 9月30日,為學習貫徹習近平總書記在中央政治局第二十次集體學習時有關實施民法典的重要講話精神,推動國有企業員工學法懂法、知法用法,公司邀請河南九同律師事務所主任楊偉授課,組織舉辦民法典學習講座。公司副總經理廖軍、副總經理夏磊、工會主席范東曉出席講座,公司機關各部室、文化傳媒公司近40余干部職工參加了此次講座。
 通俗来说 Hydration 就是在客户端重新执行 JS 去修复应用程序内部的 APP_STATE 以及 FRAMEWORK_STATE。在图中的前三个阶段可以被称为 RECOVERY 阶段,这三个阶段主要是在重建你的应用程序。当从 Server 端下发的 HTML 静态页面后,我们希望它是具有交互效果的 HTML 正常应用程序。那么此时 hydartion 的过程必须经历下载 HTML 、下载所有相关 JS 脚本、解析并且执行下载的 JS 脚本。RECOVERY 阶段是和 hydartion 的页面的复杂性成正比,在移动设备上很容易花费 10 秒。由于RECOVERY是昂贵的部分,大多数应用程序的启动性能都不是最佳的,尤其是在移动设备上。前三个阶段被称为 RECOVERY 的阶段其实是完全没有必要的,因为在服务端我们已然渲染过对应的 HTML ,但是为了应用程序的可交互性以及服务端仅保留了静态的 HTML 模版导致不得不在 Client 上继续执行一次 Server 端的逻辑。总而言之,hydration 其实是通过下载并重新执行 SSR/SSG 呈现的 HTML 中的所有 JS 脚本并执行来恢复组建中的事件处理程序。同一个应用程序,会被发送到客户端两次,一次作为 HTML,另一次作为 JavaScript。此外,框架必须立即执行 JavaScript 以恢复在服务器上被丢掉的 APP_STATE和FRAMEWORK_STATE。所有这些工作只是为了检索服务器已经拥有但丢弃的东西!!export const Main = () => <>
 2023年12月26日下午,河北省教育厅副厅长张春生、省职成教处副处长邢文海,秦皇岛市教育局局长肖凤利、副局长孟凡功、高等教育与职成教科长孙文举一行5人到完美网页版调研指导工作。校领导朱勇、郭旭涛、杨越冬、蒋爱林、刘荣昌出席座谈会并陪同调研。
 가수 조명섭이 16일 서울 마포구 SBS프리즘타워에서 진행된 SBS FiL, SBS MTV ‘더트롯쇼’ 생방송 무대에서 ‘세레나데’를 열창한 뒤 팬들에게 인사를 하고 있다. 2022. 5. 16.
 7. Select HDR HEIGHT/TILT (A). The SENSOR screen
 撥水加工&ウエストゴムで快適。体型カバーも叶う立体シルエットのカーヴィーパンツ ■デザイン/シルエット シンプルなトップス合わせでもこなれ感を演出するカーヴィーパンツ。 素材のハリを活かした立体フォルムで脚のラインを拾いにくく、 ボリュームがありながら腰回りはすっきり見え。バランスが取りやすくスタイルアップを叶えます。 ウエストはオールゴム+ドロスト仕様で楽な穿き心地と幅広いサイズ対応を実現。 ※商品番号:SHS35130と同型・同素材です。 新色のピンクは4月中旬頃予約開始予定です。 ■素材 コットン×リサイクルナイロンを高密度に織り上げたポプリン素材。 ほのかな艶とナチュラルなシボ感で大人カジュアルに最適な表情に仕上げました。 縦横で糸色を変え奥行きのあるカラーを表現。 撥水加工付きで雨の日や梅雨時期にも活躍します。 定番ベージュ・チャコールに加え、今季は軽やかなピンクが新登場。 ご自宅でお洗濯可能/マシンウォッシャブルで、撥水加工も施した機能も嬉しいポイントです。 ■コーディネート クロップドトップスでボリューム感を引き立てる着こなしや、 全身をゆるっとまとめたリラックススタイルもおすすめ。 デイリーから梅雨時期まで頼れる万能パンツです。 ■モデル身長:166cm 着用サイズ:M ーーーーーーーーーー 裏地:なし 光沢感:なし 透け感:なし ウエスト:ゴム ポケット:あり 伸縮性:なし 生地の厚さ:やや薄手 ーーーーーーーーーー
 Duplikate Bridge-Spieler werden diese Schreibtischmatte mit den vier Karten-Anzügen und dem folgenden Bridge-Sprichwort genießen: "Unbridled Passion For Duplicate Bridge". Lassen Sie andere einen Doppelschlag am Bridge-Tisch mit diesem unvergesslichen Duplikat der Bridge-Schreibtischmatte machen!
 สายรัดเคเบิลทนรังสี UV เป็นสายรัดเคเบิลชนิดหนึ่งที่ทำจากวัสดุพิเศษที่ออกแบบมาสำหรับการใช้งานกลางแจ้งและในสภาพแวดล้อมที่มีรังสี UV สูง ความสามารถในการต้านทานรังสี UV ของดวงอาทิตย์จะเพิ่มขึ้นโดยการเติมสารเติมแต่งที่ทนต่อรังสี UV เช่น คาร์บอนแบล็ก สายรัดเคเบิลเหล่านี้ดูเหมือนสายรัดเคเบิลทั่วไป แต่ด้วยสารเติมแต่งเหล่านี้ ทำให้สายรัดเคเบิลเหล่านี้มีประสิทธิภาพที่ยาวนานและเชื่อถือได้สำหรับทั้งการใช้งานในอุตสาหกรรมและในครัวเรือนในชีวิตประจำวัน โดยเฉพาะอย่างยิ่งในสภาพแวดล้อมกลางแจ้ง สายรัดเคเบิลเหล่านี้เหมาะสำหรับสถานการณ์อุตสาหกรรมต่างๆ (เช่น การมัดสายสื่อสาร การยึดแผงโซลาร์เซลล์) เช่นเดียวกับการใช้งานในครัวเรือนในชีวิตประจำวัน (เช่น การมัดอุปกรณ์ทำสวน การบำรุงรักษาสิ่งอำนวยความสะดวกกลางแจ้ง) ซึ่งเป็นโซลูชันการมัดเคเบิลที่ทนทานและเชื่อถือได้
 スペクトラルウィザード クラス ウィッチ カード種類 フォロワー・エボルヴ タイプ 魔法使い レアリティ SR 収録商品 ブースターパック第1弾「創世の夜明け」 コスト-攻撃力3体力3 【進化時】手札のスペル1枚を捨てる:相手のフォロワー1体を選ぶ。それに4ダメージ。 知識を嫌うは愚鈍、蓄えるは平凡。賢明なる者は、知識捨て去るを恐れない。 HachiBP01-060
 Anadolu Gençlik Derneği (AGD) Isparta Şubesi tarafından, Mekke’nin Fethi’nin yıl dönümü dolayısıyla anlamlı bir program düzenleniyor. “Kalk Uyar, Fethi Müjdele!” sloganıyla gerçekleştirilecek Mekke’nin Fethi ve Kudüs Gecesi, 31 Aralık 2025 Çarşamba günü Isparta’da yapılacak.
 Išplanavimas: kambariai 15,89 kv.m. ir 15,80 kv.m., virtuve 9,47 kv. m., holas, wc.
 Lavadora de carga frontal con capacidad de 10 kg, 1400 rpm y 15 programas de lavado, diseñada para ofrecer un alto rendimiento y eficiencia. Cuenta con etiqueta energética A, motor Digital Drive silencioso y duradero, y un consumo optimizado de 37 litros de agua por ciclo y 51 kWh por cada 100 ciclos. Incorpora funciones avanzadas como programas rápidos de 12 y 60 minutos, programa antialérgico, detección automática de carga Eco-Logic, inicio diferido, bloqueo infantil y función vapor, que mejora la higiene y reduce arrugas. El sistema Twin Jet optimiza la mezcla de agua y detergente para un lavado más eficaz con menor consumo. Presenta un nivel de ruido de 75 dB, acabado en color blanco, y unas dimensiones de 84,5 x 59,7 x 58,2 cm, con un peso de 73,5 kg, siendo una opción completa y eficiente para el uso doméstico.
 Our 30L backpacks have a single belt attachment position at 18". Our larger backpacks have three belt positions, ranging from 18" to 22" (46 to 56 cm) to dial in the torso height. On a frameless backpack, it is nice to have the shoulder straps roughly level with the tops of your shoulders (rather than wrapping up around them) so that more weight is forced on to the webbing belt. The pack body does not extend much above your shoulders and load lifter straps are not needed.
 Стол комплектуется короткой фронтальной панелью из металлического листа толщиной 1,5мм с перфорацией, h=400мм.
◆ ◆ ◆ ◆ ◆ ◆ ◆
• _PROBLEM STATEMENT_
From the entries above, give again exactly the lines running from the line with "UV สูง ความสามารถในการต้านทานรังสี" to the line with "Išplanavimas: kambariai 15,89"; include both of those lines.

• _RESULT OF THE TASK_
 สายรัดเคเบิลทนรังสี UV เป็นสายรัดเคเบิลชนิดหนึ่งที่ทำจากวัสดุพิเศษที่ออกแบบมาสำหรับการใช้งานกลางแจ้งและในสภาพแวดล้อมที่มีรังสี UV สูง ความสามารถในการต้านทานรังสี UV ของดวงอาทิตย์จะเพิ่มขึ้นโดยการเติมสารเติมแต่งที่ทนต่อรังสี UV เช่น คาร์บอนแบล็ก สายรัดเคเบิลเหล่านี้ดูเหมือนสายรัดเคเบิลทั่วไป แต่ด้วยสารเติมแต่งเหล่านี้ ทำให้สายรัดเคเบิลเหล่านี้มีประสิทธิภาพที่ยาวนานและเชื่อถือได้สำหรับทั้งการใช้งานในอุตสาหกรรมและในครัวเรือนในชีวิตประจำวัน โดยเฉพาะอย่างยิ่งในสภาพแวดล้อมกลางแจ้ง สายรัดเคเบิลเหล่านี้เหมาะสำหรับสถานการณ์อุตสาหกรรมต่างๆ (เช่น การมัดสายสื่อสาร การยึดแผงโซลาร์เซลล์) เช่นเดียวกับการใช้งานในครัวเรือนในชีวิตประจำวัน (เช่น การมัดอุปกรณ์ทำสวน การบำรุงรักษาสิ่งอำนวยความสะดวกกลางแจ้ง) ซึ่งเป็นโซลูชันการมัดเคเบิลที่ทนทานและเชื่อถือได้
 スペクトラルウィザード クラス ウィッチ カード種類 フォロワー・エボルヴ タイプ 魔法使い レアリティ SR 収録商品 ブースターパック第1弾「創世の夜明け」 コスト-攻撃力3体力3 【進化時】手札のスペル1枚を捨てる:相手のフォロワー1体を選ぶ。それに4ダメージ。 知識を嫌うは愚鈍、蓄えるは平凡。賢明なる者は、知識捨て去るを恐れない。 HachiBP01-060
 Anadolu Gençlik Derneği (AGD) Isparta Şubesi tarafından, Mekke’nin Fethi’nin yıl dönümü dolayısıyla anlamlı bir program düzenleniyor. “Kalk Uyar, Fethi Müjdele!” sloganıyla gerçekleştirilecek Mekke’nin Fethi ve Kudüs Gecesi, 31 Aralık 2025 Çarşamba günü Isparta’da yapılacak.
 Išplanavimas: kambariai 15,89 kv.m. ir 15,80 kv.m., virtuve 9,47 kv. m., holas, wc.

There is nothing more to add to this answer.